Auto-refreshing graphs

This guide describes how to auto-refresh graphs in a periodic interval to keep the in-memory graph in sync with the data source. This guide shows:

How to configure the PGX server to allow every user to set up auto-refresh
How to set up auto-refresh for a graph
How to reference the snapshots created from auto-refresh
How auto-refresh works with data sources that support delta updates (a.k.a. “delta-refresh”)

Warning

The interval the user sets for periodic refresh in the graph configuration is to be intended as a best-effort hint to PGX, which cannot guarantee that auto-refresh occurs exactly with the requested frequency.

When setting the periodic interval for auto-refresh (either update_interval_sec for basic auto-refresh or fetch_interval_sec for delta-refresh), you should consider factors like the I/O characteristics of the data source, the size of updates and the features of the machine PGX runs in; if PGX cannot gather and apply updates within the specified interval, the actual auto-refresh interval will be larger. Furthermore, the PGX administrator can enforce a lower bound on the value of the refresh interval (as from the following section), which causes shorter interval values to be ignored.

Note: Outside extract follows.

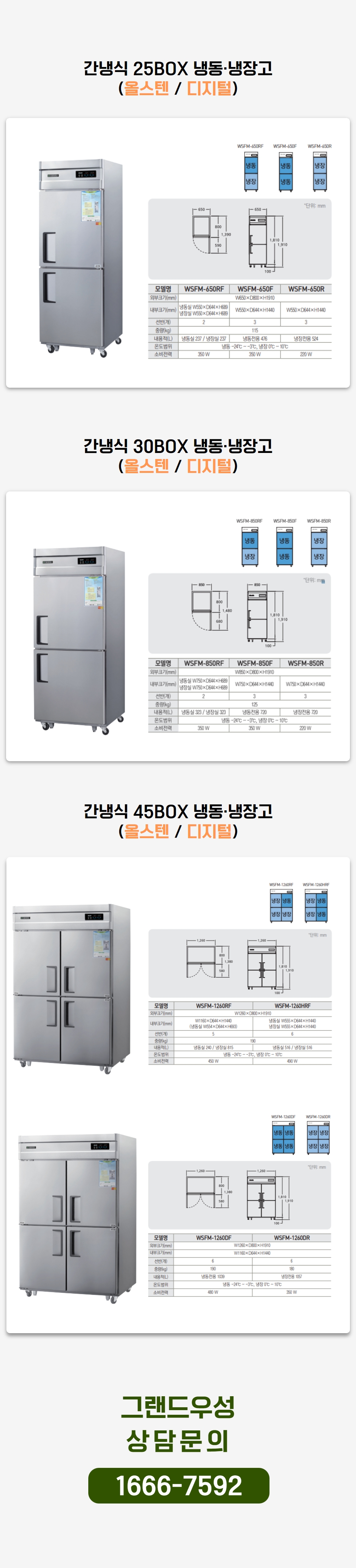 [그랜드우성] 간냉식 30BOX 수직 냉장냉동고

Configuring the PGX server

Since auto-refresh can possibly create a lot of snapshots and therefore can lead to a high memory usage, the option to enable auto-refresh for graphs is only available to administrators by default. To allow auto-refreshed graphs to all users, you need to put the following field into your pgx.conf:

{
  "allow_user_auto_refresh": true
}

Since users can set custom auto-refresh intervals, the PGX server can become overloaded due to too frequent auto-refresh activity; to limit this activity, you can set lower bounds on the auto-refresh interval inside pgx.conf, with separate thresholds for auto-refresh (min_update_interval_sec) and for delta-refresh (min_fetch_interval_sec) as in the following example:

{
  "min_update_interval_sec": 10,
  "min_fetch_interval_sec": 5
}

Any refresh interval being lower than these thresholds is ignored and the threshold value is enforced instead.

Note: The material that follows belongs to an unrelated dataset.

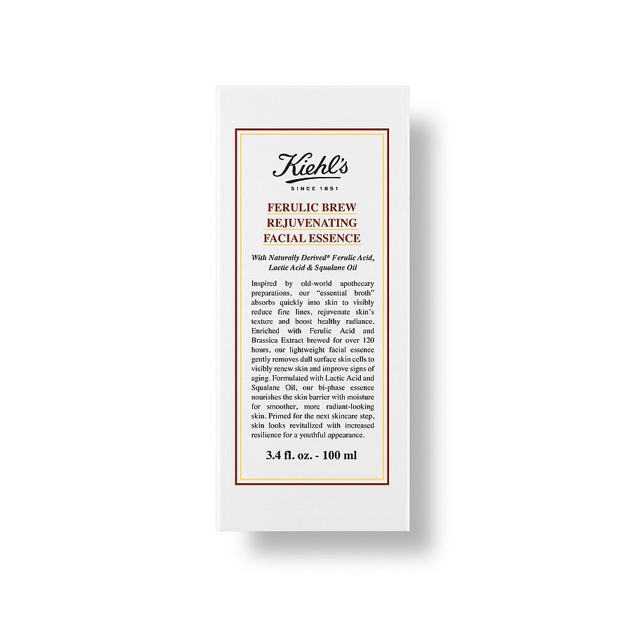 Kiehl'sin ferulihappoa sisältävä kasvovesi on tehokas antioksidantti, joka lisää näkyvästi ihon hehkua, parantaa ihon rakennetta ja häivyttää hienoja juonteita. Kiehl's Ferulic Brew Rejuvenating Facial Essence sisältää luonnollista alkuperää olevaa antioksidanttista ferulihappoa, kuorivaa maitohappoa ja kosteuttavaa skvalaania. Anti age -tiiviste, joka tukee ihon luonnollista uusiutumisprosessia ja tekee ihosta terveen ja nuorekkaan oloisen. • Imeytyy nopeasti ja lisää näkyvästi ihon hehkua, parantaa ihon rakennetta sekä häivyttää hienoja juonteita. • Poistaa hellävaraisesti kuolleita ihosoluja ihon pinnalta ja vahvistaa ihon suojamuuria. Ihosta tulee näkyvästi tasaisempi ja säteilevämpi. • Sisältää tehokkaita antioksidantteja, jotka tukevat ihon luonnollista uusiutumisprosessia ja suojaavat ihoa ennenaikaiselta ikääntymiseltä aiheuttavilta vapailta radikaaleilta. • Valmistelee ihon seerumia varten ja kosteuttaa ihoa osana Kiehl'sin ihonhoitorutiinin ensimmäistä ja tärkeää vaihetta. • Kaikille ihotyypeille, myös herkälle iholle.

Configuring basic auto-refresh

Auto-refresh is configured in the loading section of the graph config. We will setup the auto-refresh to check for updates every minute, creating a new snapshot when the data source has changed. The following block shows an example of how to enable the auto-refresh feature in the configuration file of the sample graph.

conf = '''
{
    "format": "csv",
    "vertex_uris": ["sample.vertices.csv"],
    "edge_uris": ["sample.edges.csv"],
    "vertex_props": [{
    "name": "prop",
    "type": "integer"
    }],
    "edge_props": [{
        "name": "cost",
        "type": "double"
    }],
    "loading": {
        "auto_refresh": true,
        "update_interval_sec": 60
    }
}
'''

Notice the additional loading section containing the auto-refresh settings.

Reading the graph using the PGX Shell or a java application

After you have modified the graph config, you can load the graph into PGX. After the graph is loaded, a background task, which will check the data source for updates periodically, is started automatically.

session = pypgx.get_session(session_name="my-session")
g = session.read_graph_with_properties(self.cfg)

Checking out the newest version of the graph

The data source is queried every minute for updates. If the data source changed, the graph is reloaded and a new snapshot is created automatically.

Let us try this out by editing the vertices and edges files to add an additional vertex and an additional edge. For example add the vertex “42” with property “7” and an edge from “42” to “333” with the property “10.0”. To do this add the line 42,7 at the end of examples/graphs/sample.vertices.csv, and the line 42,333,10.0 at the end of examples/graphs/sample.edges.csv.

If you wait for one minute a new snapshot will be created and placed in the snapshot cache for the graph automatically.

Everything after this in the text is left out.